Opini yang terbangun di kalangan Qurays, pasca hijrahnya Rasulullah dan para sahabat ke Yatsrib, adalah bahwa Yatsrib tidaklah lebih dari sebuah ‘negeri petani kurma’. Atau mereka akan lebih marem jika hanya menyebutnya secara ejek, sebagai: ‘perkampungan’ saja.
Tani, secara umum dikelaskan sebagai aktifitas kalangan bawah. Sebab, pekerjaan bertani dianggap sebagai pekerjaan otot yang tidaklah memerlukan begitu banyak koordinasi dengan otak. Selain dari pada itu, bertani berarti bergumul dengan tanah menggunakan cangkul. Sebuah alat yang tidak menakutkan karena bukan dalam kategori senjata.
Jadi, memang tidak ada alasan bagi orang-orang Makkah yang pedagang untuk takut pada komunitas baru yang dibangun Rasulullah di negeri petani itu. “Tidak mungkin seorang imigran – seperti Muhammad – membentuk sebuah legiun orang-orang petani kurma, lalu mengangkat senjata untuk menyerang Makkah,” pikir mereka.

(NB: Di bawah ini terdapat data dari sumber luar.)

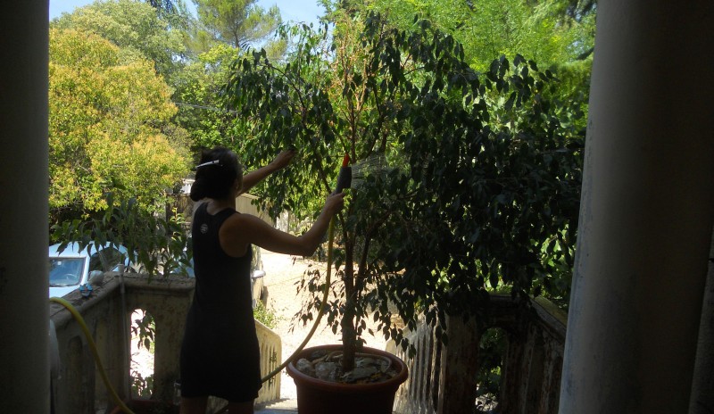 Ce dimanche était jour de fête pour notre ficus. Vous l’avez probablement vu sur de nombreuses photos prises dans notre séjour. Il culmine à 2m50 environ et étale ses branches en toute liberté, recevant la lumière par au moins trois fenêtres en permanence (elles n’ont aucun volet, juste des barreaux, donc c’est soleil à volonté).

Lain petani, lain pedagang. Bangsa pedagang – seperti Qurays – sudah barang tentu memiliki kelebihan dalam segala hal yang menunjang kehidupan niaganya. Selain informasi pasar, bangsa pedagang juga dituntut memiliki informasi terkini seputar situasi politik negeri yang dituju dan negeri-negeri yang dilalui kafilahnya. Mereka juga harus terampil dalam berdiplomasi dengan suku-suku badui yang dilaluinya. Mereka juga harus jeli membaca gunung, bintang, musim, ceruk, cekungan, batu-batu, sumur, sebagaimana orang sekarang membaca peta. Selain itu, mereka juga harus memiliki pendekar-pendekar tangguh berikut senjata lengkap untuk mengawal kafilah menuju negeri-negeri seberang. Dan Qurays telah memiliki itu semua.
Namun kelak, anggapan kaum pedagang Makkah bahwa kaum petani Madinah tidak akan menyerang apalagi menang, sepenuhnya akan terbukti salah. Kaum petani kurma yang dipimpin oleh seorang imigran bernama Muhammad itu, akan tampil sebagai kampiun bahkan akan menguasai kota Makkah, kota kaum pedagang.
SELAMAT PAGI para petani, semoga Allah memberkahi!